→ Exercise data
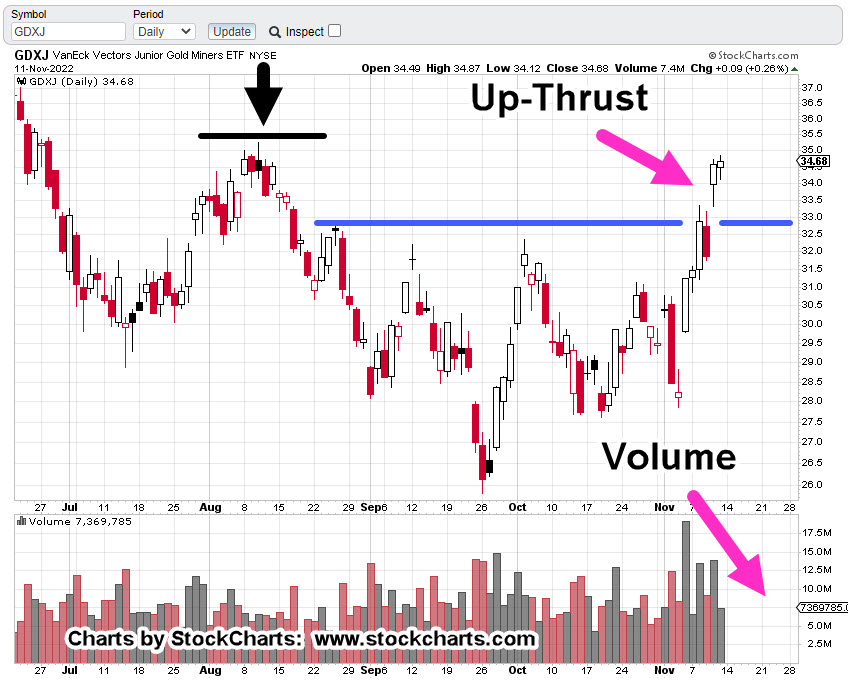 Seniors, GDX, was able to penetrate this area on its own chart but GDXJ, has not (so far).
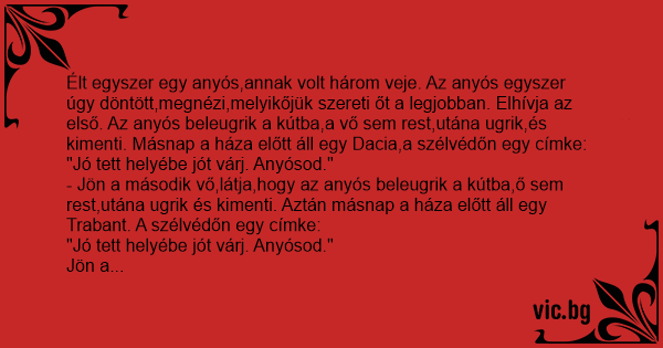 Élt egyszer egy anyós,annak volt három veje. Az anyós egyszer úgy döntött,megnézi,melyikőjük szereti őt a legjobban. Elhívja az első. Az anyós beleugrik a kútba,a vő sem rest,utána ugrik,és kimenti. Másnap a háza előtt áll egy Dacia,a szélvédőn egy címke:
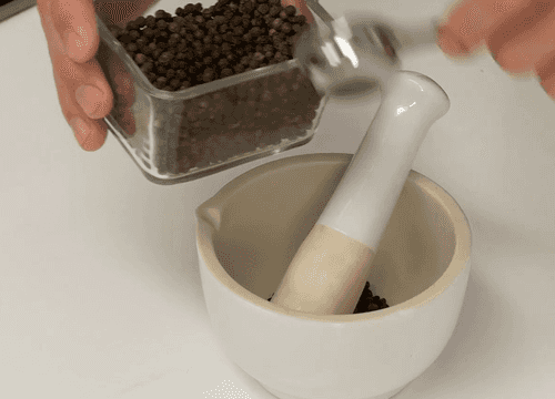 Влить бренди и выпаривать его еще 2 минуты, затем добавить бульон и перец, довести до кипения и варить еще 2 минуты.
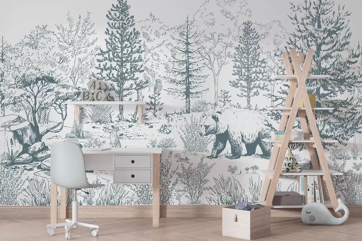 Fototapetes Meža dzīve, koki, savvaļas dzīvnieki, lācis, lapsa, pūce, krūmi, zīmuļa stila zīmējums, zilas krāsas Nr. w02929v1
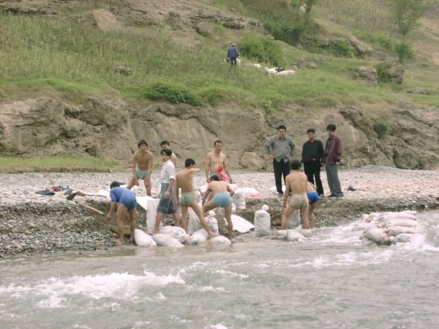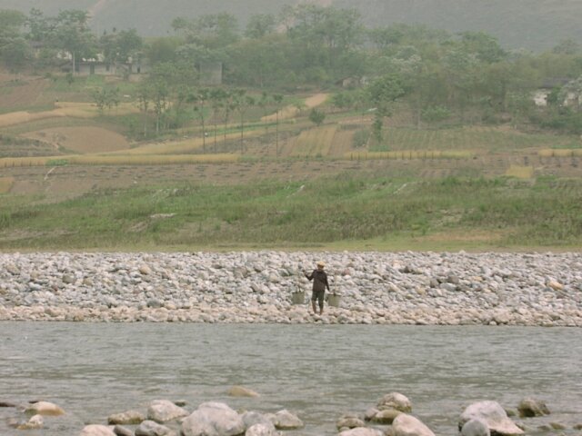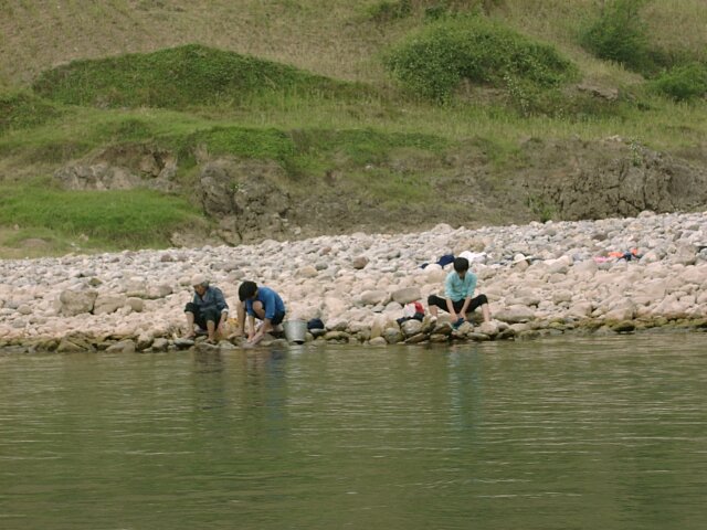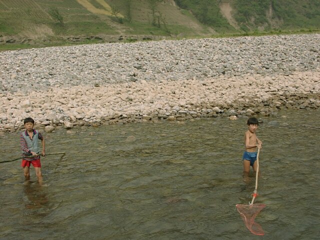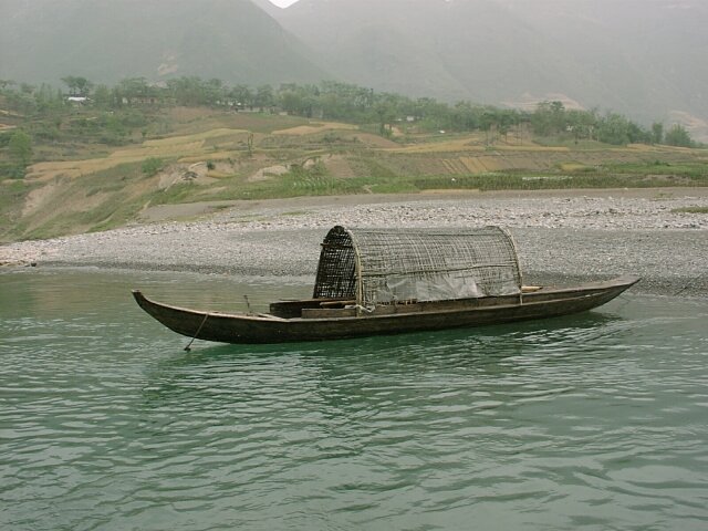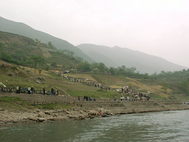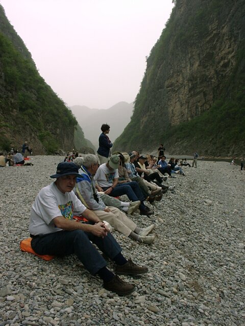 At 7:00 a.m. we had breakfast and at 9:00 we disembarked at Wushan, where the Danning River joins the Yangtze. A bus took our group a short distance to a pier on the Danning where dozens of motorized sampans were waiting. After boarding, we headed upstream to see the Lesser Three Gorges. This excursion proved to be the most enjoyable part of our Yangtze cruise, and probably of the entire trip. The water level was low, and the river was full of rocks. To keep us off the rocks, there were two polers on the bow. They really had to work hard as we passed through many shallow twists and turns in the river. Besides the tourist sampans, there was a regular "bus" service on the river for local residents. At a couple of points where the water was very shallow, there were landing areas where these "buses" would discharge all their passengers who then had to climb long flights of stone steps and walk a path parallel to the river. Eventually, once they were past the very shallow parts, the "buses" would pick up their passengers again. We were glad we didn't have to go through that.

→ Your assignment
The answer must be an exact copy of the records, with no pictures in it.

→ Output below
 Seniors, GDX, was able to penetrate this area on its own chart but GDXJ, has not (so far).
 Élt egyszer egy anyós,annak volt három veje. Az anyós egyszer úgy döntött,megnézi,melyikőjük szereti őt a legjobban. Elhívja az első. Az anyós beleugrik a kútba,a vő sem rest,utána ugrik,és kimenti. Másnap a háza előtt áll egy Dacia,a szélvédőn egy címke:
 Влить бренди и выпаривать его еще 2 минуты, затем добавить бульон и перец, довести до кипения и варить еще 2 минуты.
 Fototapetes Meža dzīve, koki, savvaļas dzīvnieki, lācis, lapsa, pūce, krūmi, zīmuļa stila zīmējums, zilas krāsas Nr. w02929v1
 At 7:00 a.m. we had breakfast and at 9:00 we disembarked at Wushan, where the Danning River joins the Yangtze. A bus took our group a short distance to a pier on the Danning where dozens of motorized sampans were waiting. After boarding, we headed upstream to see the Lesser Three Gorges. This excursion proved to be the most enjoyable part of our Yangtze cruise, and probably of the entire trip. The water level was low, and the river was full of rocks. To keep us off the rocks, there were two polers on the bow. They really had to work hard as we passed through many shallow twists and turns in the river. Besides the tourist sampans, there was a regular "bus" service on the river for local residents. At a couple of points where the water was very shallow, there were landing areas where these "buses" would discharge all their passengers who then had to climb long flights of stone steps and walk a path parallel to the river. Eventually, once they were past the very shallow parts, the "buses" would pick up their passengers again. We were glad we didn't have to go through that.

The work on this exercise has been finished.